**TASK OBJECTIVE:** Could you repeat the entries below exactly, but only from the line with "Perch Light is a collection" through the line with "Reima astelu kengät", and without any picture?

**EXERCISE MATERIALS:**
== == ==

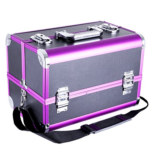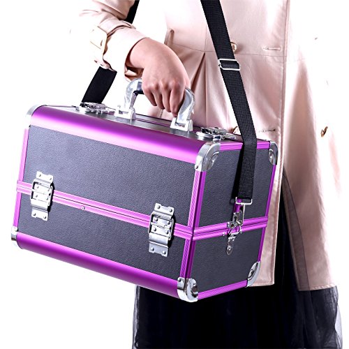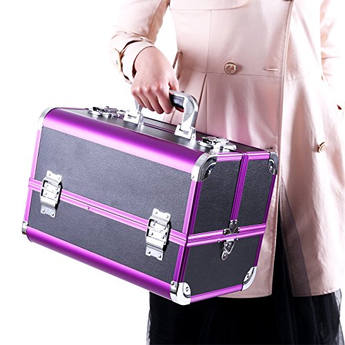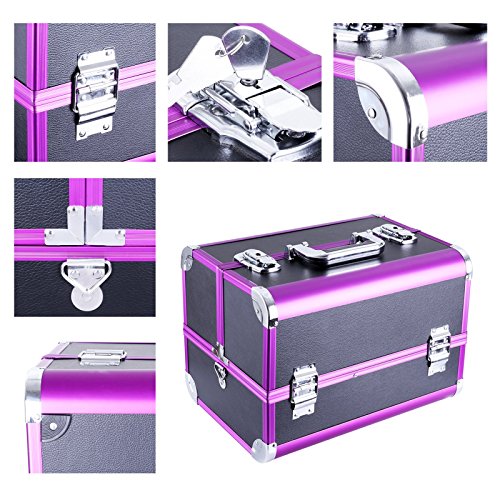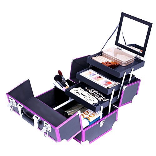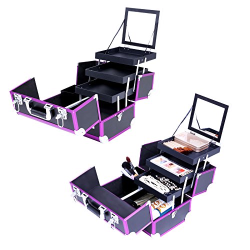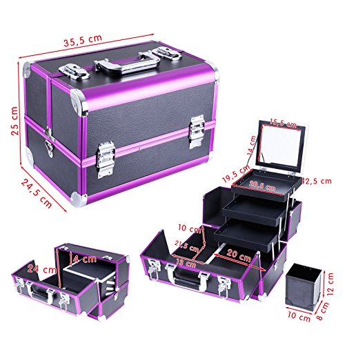 -. Feature : Gute Verarbeitung - Rahmen aus MDF-Platte und Oberfläche ist Kunstleder mit Aluleisten in Lila. Der Koffer ist robust und stabil. Mit einem ergonomisch geformten ABS Handgriff - komfortabel / Geniale Aufteilung - Insgesamt 3 aufklapbare Fächer, unten 1 großes Fach. Mit der herausnehmbaren Box können Ihre Make-up Pinsel und Stifte platzsparend verstaut werden Alles ist in Ordnung und griffbereit / Hohe Funktionalität - Deckel abschließbar mit 2 Klappschlössern. 2 Schlüssel dabei. Die Sicherheit Ihrer Schätze wird gewährleistet. Der Koffer ist mit Metallecken verstärkt, damit Ihre Schmuckstücke vor Staub und Kratzern geschützt werden / Elegantes Design - Klassische Verkleidung mit Litschi Maserung, schwarzes Kunstleder mit Aluleisten in Lila, Innenfutter aus EVA. Alles verleiht dem Kosmetikkoffer einen modernen und stilvollen Charme. Mit einem großen Spiegel (15,5 x 14 cm) / Leicht tragbar und pflegeleicht - Kann sowohl für die Aufbewahrung zu Hause benutzen, auch mit dem Tragegurte einfach auf Reisen mitnehmen. Dank des schwarzen Kunstleder lässt der Koffer sich einfach reinigen
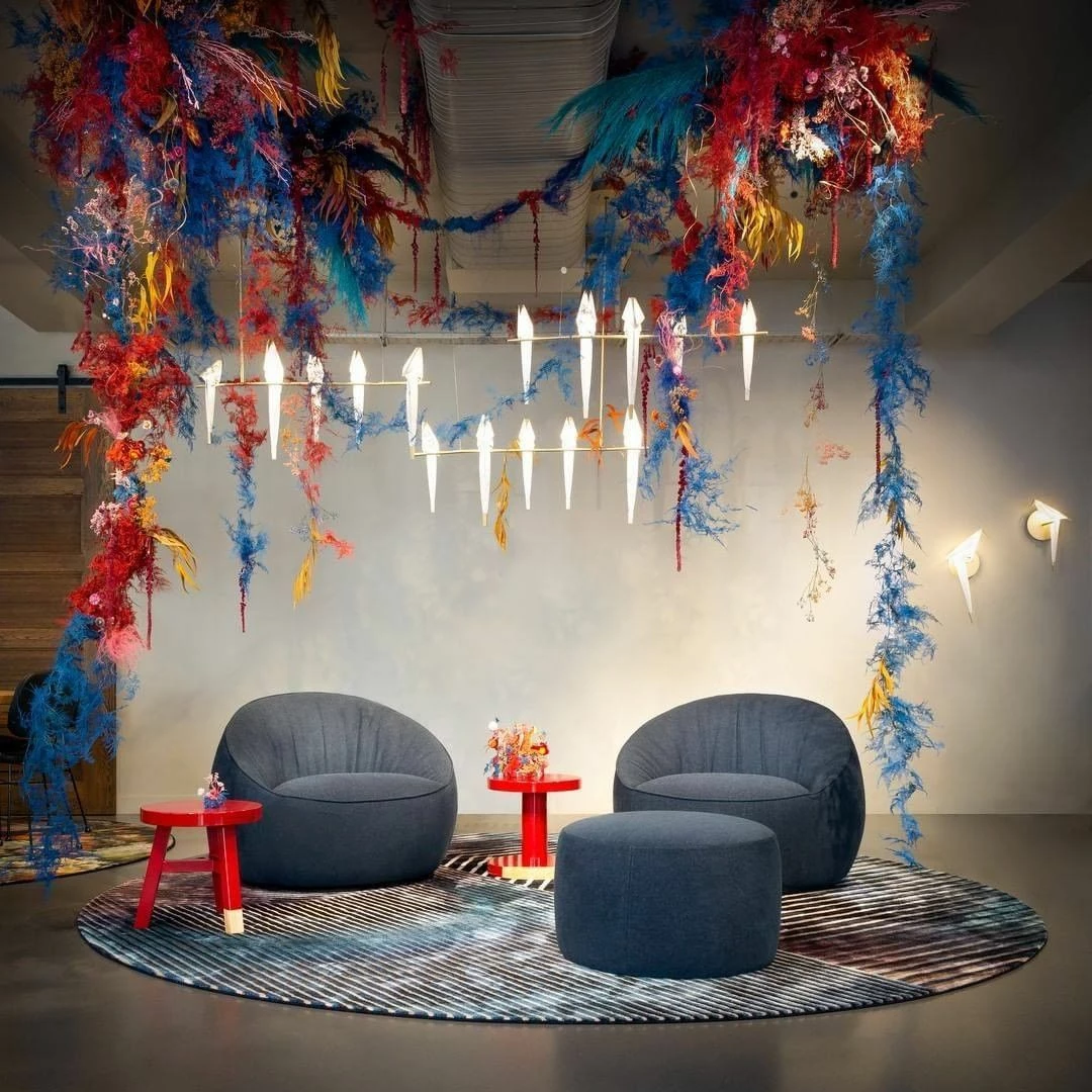 Perch Light is a collection of suspension, table, wall and floor lamps; with an original design reminiscent of birds, of diverse size, placed on a branch; a figure that expresses serenity and tranquility. The light emitted by Perch Light is warm and welcoming; perfect to create a relaxing atmosphere. Birds in perfect balance may swing when touched. Perch Light is available with small birds.
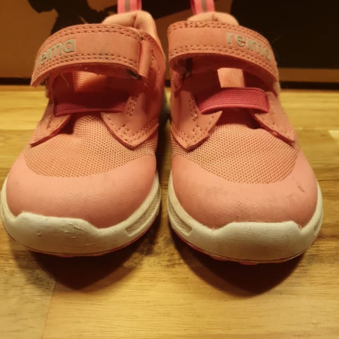 Reima astelu kengät koko 24, sm 15.3cm. Nauhoissa jossain kohdassa kulumaa, samoin sisäpohjallisessa kantapäässä. Kantapään kohdalta pinta ehjä.
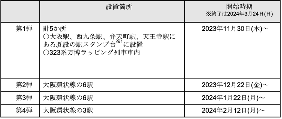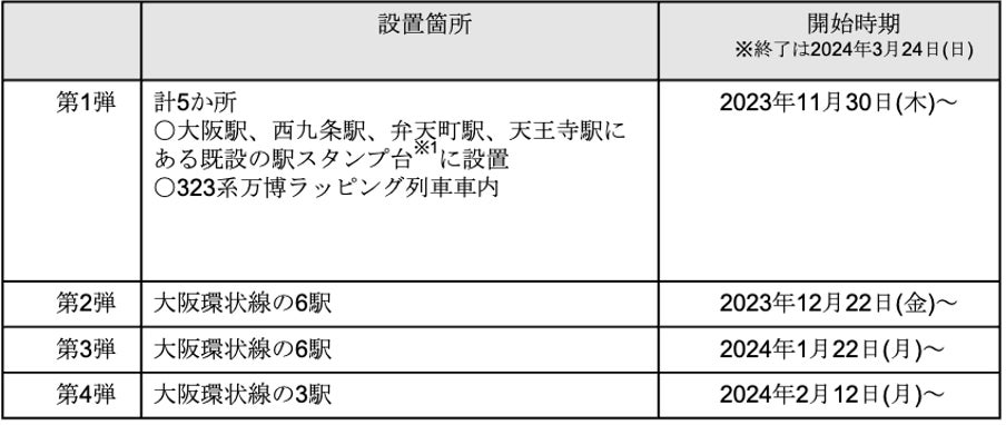 NFT駅スタンプの設置箇所は、スタンプラリーを開始する第1弾では計5カ所に設置し、第4弾まで順次拡大します。大阪環状線全19駅及び323系万博ラッピング列車内の合計20か所に設置する予定です。
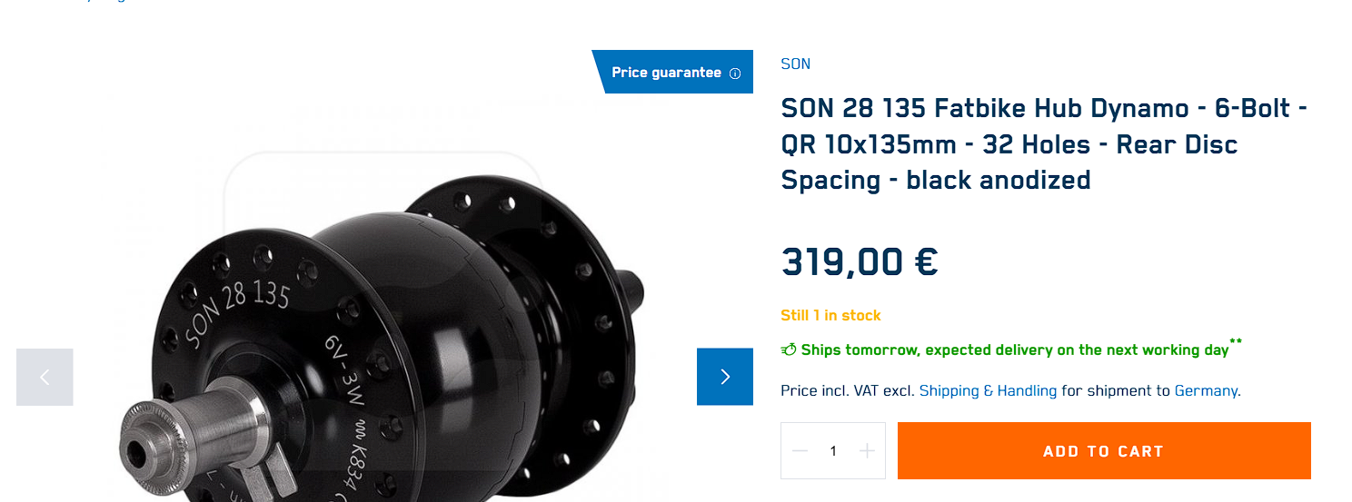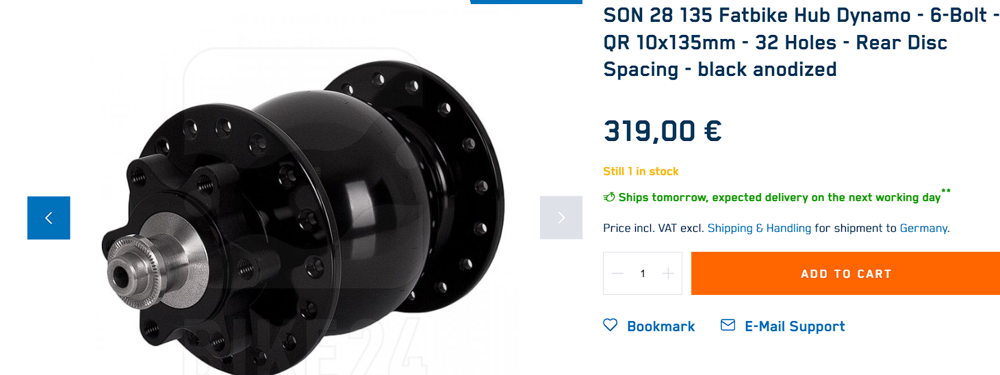 Динамо-втулка Shutter Precision PV-8 вес 390 г.
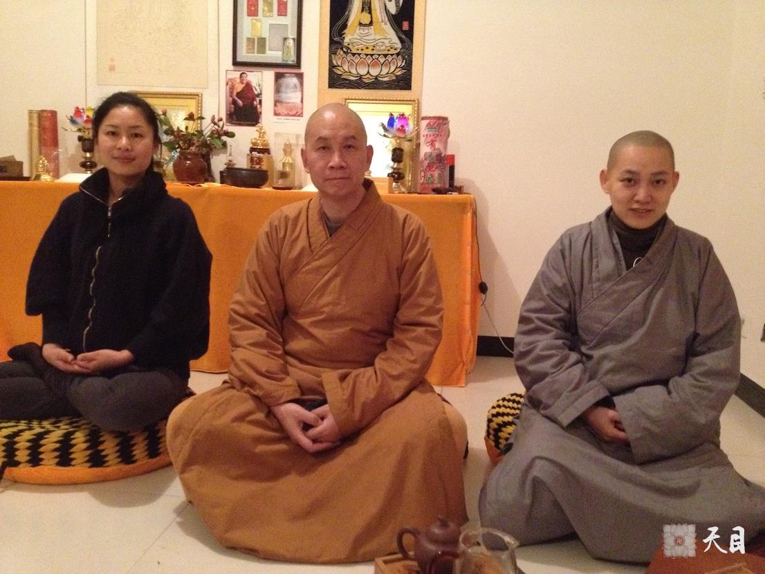图一:恩师圣观法师和果实法师、阿慧李贞慧居士在潘晓阳居士大理古城家的佛堂合影;
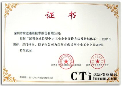 CTI論壇(ctiforum)4月6日消息(記者 潘婷婷):由深圳市政府大力支持,深圳市科工貿(mào)信委、深圳市中小企業(yè)服務(wù)中心,深圳市統(tǒng)計局,深圳大學管理學院聯(lián)合組織評測的“深圳市成長型中小工業(yè)企業(yè)500強”,于3月31日被正式認定,深圳市東進通訊技術(shù)股份有限公司榮列其中。今后,作為深圳市中小企業(yè)成長工程的重點培育對象,東進技術(shù)將獲得政府公共資源的傾斜扶持,促進加快發(fā)展,形成“示范效應”。圖:東進技術(shù)榮獲“深圳市成長型中小工業(yè)企業(yè)500強”證書
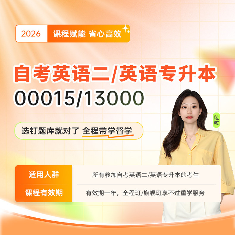2026年4月00015自考英语二网课13000英语专升本视频课程教材试卷
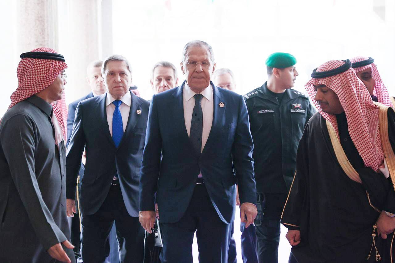 Russian Foreign Minister Sergey Lavrov (C) and Russian President Vladimir Putin’s Foreign Policy Advisor Yuri Ushakov (2nd L) arrive for a meeting between Russia and the United States aimed at improving relations between the two nations and addressing the conflict in Ukraine, in Riyadh, Saudi Arabia, on 18 February 2025.
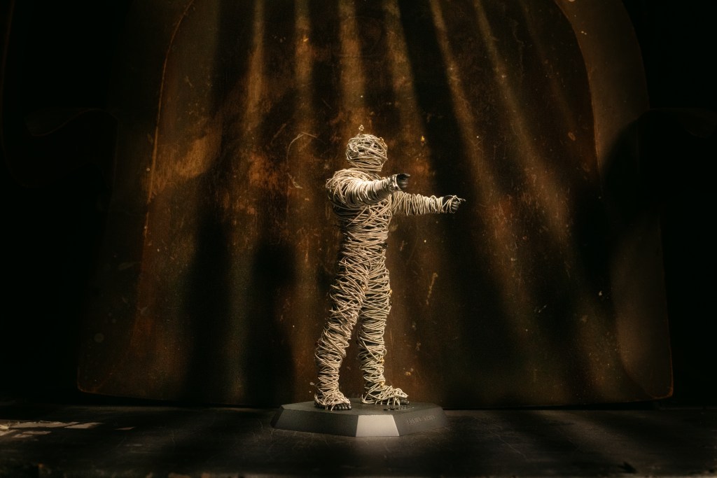 “If you could have the strings off of the studio recording of some old record, what’s that worth to you? I was at a show side stage talking to a tech who was restringing a guitar and when he opened his drawer it was full of coiled up strings with gaff tape on them, with whatever venue and date. He said ‘these are all the strings, I collect them, it’s my thing’. Right away I thought about the responsible handling of them and then the collectibility of them. If I could get Kirk Hammett’s strings from Madison Square Garden that would probably be worth a lot of money, right? So I took some of the strings and just started wrapping them around an old action figure. It kind of became FRET12’s mascot. Don’t throw away those strings and let them end up in a landfill or the String Thing’s gonna come for you”.
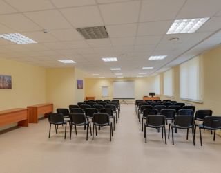 Для проведения совещаний, семинаров, переговоров, курсов, тренингов, круглых столов, презентаций присутствуют технически укомплектованные аудитории. Современный конференц-зал, оборудованный кабинками для синхронного перевода и сурдоперевода, аудио и видео техническим оборудованием.
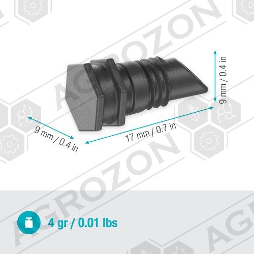 Заглушка Gardena Micro-Drip-System для шлангів 4,6 мм 3/16" 10 шт. — призначена для встановлення на кінець трубок мікрокрапельного поливу діаметром 4,6 мм. Також може перекривати воду в раніше виконаних отворах на лінії крапельного поливу. Може використовуватися багаторазово. Поставляється в комплекті - 10 шт. Виготовлено в Європі.
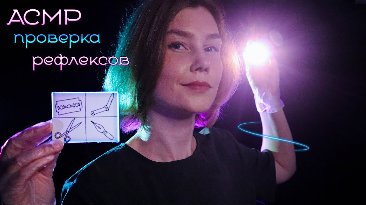 В этом АСМР видео тебя ждет проверка рефлексов: слух, тонус мышц, реакция на свет фонарика, переферическое зрение и обоняние. Внимательно слушай мой голос и выполняй мои указания, чтобы пройти тест максимально быстро и качественно, а также испытать мурашки. Триггеры в видео: перчатки, фонарик, шепот с ушка на ушко, прикосновения, персональное внимание. Пожалуйста, проявите максимальную активность под этим видео! Это очень важно для продвижения роликов ? Мне очень нужна ваша поддержка! Буду благодарна, если ты поддержишь меня, поставив ? подпишешься на мой канал ☑️ и нажмешь ?, чтобы первым увидеть новое видео! Также любой твой комментарий очень важен для меня и для того, чтобы этот ролик увидели и другие!? #асмр#рефлексы#следуй_указаниям#asmrbenet Тайм-коды: 0:00 - 0:53 - приветствие 0:53 - 4:15 - проверка периферического зрения 4:15 - 7:08 - проверка реакции на свет 7:08 - 09:03 - тест на концентрацию и память 09:03 - 13:15 - проверка слухового рефлекса 13:15- 14:00 - тест обоняния 14:00 - 19:45 - проверка тонуса мышц 19:45 - 21:21 - проверка тактильных ощущений, прощание ?Оформить спонсорскую подписку: https://www.youtube.com/channel/UC3fe8HONiU4zdZzSJM5ig9A/join ?Мои соц. сети: ?Instagram: https://www.instagram.com/butenko_ell ?Тик Ток: https://vm.tiktok.com/ZSJtrjEbD/ ?Помощь в покупке нового оборудования для атмосферных ролевых игр : ?Donationalerts: https://www.donationalerts.com/r/asmrbenet ?Donatpay: https://donatepay.ru/don/385852 ?Яндекс.Деньги: 4100110086190051 ?Ссылки на плейлисты: ?Ролевые игры: https://www.youtube.com/playlist?list=PLki_XoopBmvUcXn87klUVb9oQetrqfSzz ?Триггеры: https://www.youtube.com/playlist?list=PLki_XoopBmvUR6y5-Nph86IPQrqOz5x2J ?Медицинские ролевые игры: https://www.youtube.com/playlist?list=PLki_XoopBmvWQWgJhaAxHd8xOhoQdW1Ov ?Факты обо мне: https://www.youtube.com/playlist?list=PLki_XoopBmvWITsWJP7so-7f0oPiCDYss ?Грубые ролевые игры: https://www.youtube.com/playlist?list=PLki_XoopBmvX-g9sFh9QIAa_gzKeiCwOF ?Live стримы в записи: https://www.youtube.com/playlist?list=PLki_XoopBmvXZ01X7YHbbI2XtP7zDzKe_
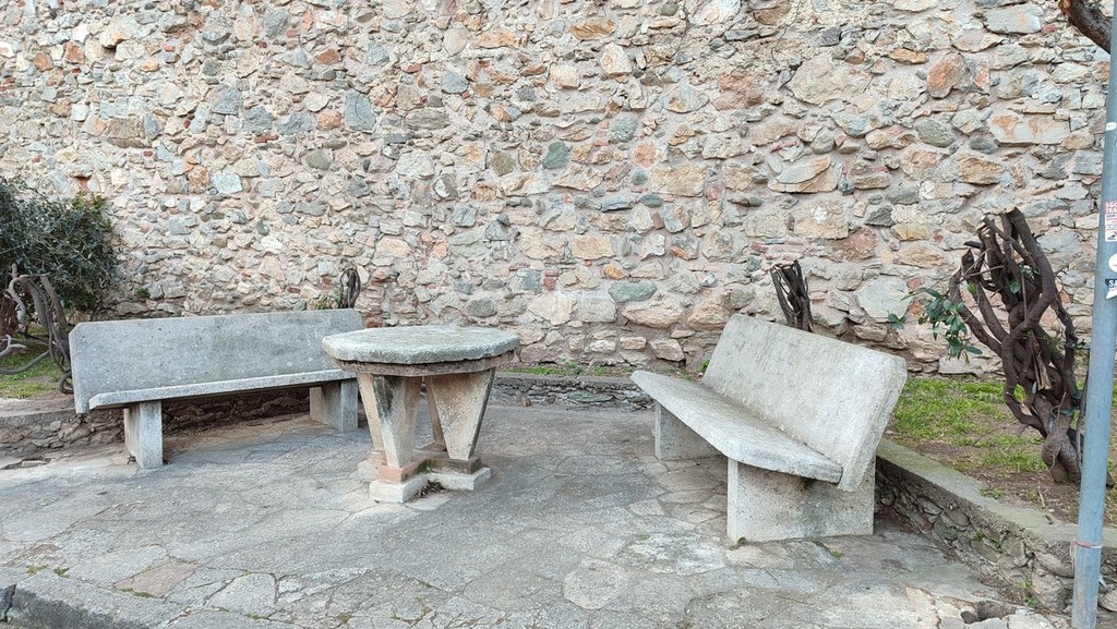 La pianta, di cui ora rimane il fusto tagliato molto basso, ha le sue radici nell'aiuola che costeggia la cinta muraria del borgo medievale tra i più belli d'Italia. E proprio sulle mura si arrampicava oltre a poggiare su di una pergola a coprire una seduta composta di tavolini e panche in pietra.

== == ==

**REPLY:**
 Perch Light is a collection of suspension, table, wall and floor lamps; with an original design reminiscent of birds, of diverse size, placed on a branch; a figure that expresses serenity and tranquility. The light emitted by Perch Light is warm and welcoming; perfect to create a relaxing atmosphere. Birds in perfect balance may swing when touched. Perch Light is available with small birds.
 Reima astelu kengät koko 24, sm 15.3cm. Nauhoissa jossain kohdassa kulumaa, samoin sisäpohjallisessa kantapäässä. Kantapään kohdalta pinta ehjä.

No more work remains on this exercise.